**TRY IT:** There are pictures in the records below; leave them out and set down exactly the lines from the one holding "Foxy Loves Fall" through the one holding "Ø ca. 23 mm.".

**TASK MATERIAL:**
━━━━

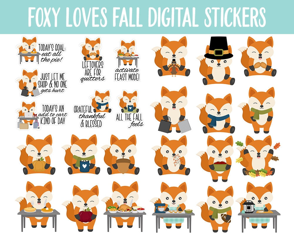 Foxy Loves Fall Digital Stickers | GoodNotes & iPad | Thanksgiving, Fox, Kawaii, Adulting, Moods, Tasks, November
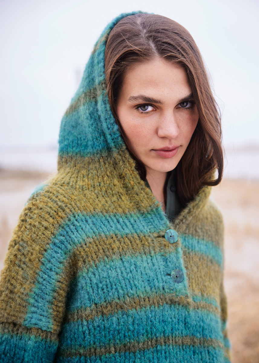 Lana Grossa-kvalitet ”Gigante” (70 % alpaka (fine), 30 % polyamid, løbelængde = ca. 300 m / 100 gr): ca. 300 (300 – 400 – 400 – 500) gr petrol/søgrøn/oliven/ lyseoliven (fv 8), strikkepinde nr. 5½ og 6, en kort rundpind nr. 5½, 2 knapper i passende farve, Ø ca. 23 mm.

━━━━

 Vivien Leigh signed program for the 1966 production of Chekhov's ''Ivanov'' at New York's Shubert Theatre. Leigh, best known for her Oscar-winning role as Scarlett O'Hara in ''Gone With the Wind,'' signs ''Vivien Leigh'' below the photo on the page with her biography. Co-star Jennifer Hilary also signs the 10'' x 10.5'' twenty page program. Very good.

━━━━

**ANSWER TO THIS EXERCISE:**
 Foxy Loves Fall Digital Stickers | GoodNotes & iPad | Thanksgiving, Fox, Kawaii, Adulting, Moods, Tasks, November
 Lana Grossa-kvalitet ”Gigante” (70 % alpaka (fine), 30 % polyamid, løbelængde = ca. 300 m / 100 gr): ca. 300 (300 – 400 – 400 – 500) gr petrol/søgrøn/oliven/ lyseoliven (fv 8), strikkepinde nr. 5½ og 6, en kort rundpind nr. 5½, 2 knapper i passende farve, Ø ca. 23 mm.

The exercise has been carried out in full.